Веста тоже не теряется, здоровается, руку протягивает, но четко держится меня, не отлипает. Ё-ёёё! – Горелик! Собственной персоной, но в смокинге. Хотя смокинг на нем какой-то… не свой… либо напрокат взял в театре, либо похудел Горелик. Помолчали мы с ним под духовой вальс, глядя друг на друга, и у него в глазах мелькал то испуг, то злость. А потом опустил он глаза, я его переглядел.
“С открытием, – говорю, – Максим! Ходишь, смотрю, по мероприятиям?!”
“А ты думал, на тебе и вся жизнь кончается?”
“Как дела?”
“Не жалуюсь”.
“Ладно, потом… тема есть… Это Веста”.
“Здравствуйте, Максим Яковлевич!” – это моя-то, вся в белом, дама говорит ему “Максим Яковлевич” и тянет ручку.
И он двумя руками ее ручку хватает, трясет головой и со значением говорит: “Добрый вечер! Добрый вечер! С открытием!”.
Я говорю: “О-о, старые знакомые?”. А Веста: “Мы с Максимом Яковлевичем у подруги моего двоюродного брата познакомились, на дне рождения. Как ваша мама, Максим Яковлевич, как сейчас Лидия Исааковна, она поправилась? Передайте ей от меня большой привет”.
Я повертел головой – на нее, на него, – и говорю Горелику: “Позвони мне через пару дней… тема есть… Пойдем, Веста, съесть чего-нибудь надо!”.

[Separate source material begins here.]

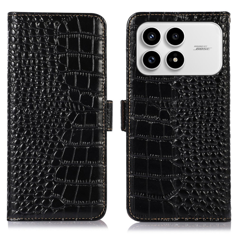 Découvrez notre étui portefeuille élégant en cuir véritable avec texture crocodile pour votre Poco F8 Pro. Doté de la technologie de blocage RFID, de 3 emplacements pour cartes et d'un support intégré, il allie style et fonctionnalité.

Идем, едим, выпиваем. А время тоже идет. Я все жду, когда начнется-то? Открытие открытием, но САМО что-то должно быть, не только же… это самое… Лотерею начали разыгрывать. Актер этот… который всегда длинных таких играет, с усиками, тоже во фраке и в цилиндре, выкликает цифры, шутки засаживает (никто не смеется), вручает призы, попугаев резиновых, штопор в виде Пушкина (или наоборот?). Опять бабский оркестр заиграл. А пятьсот смокингов все ходят, ходят, чокаются и поздравляют друг друга с открытием. Я думаю, дальше-то что? Я же хочу расслабиться, хочу скинуть с себя гипноз, который меня полгода держал, выбросить из головы и лесбиянку Зухру с ее зубочисткой, и “Драгуна”, и алкоголика Глендауэра, и мёртвого Филимонова…. Стоп! Вот это не могу! У меня перед глазами, как он лежит там в духоте, собирается моргнуть и никак не может. Ну, так будет тут чего-нибудь или так все и будет? А Веста рядом, мелким шагом, головкой вертит и, замечаю, еще со многими здоровается, и с ней здороваются, ручкой машут! И опять: “С открытием!”.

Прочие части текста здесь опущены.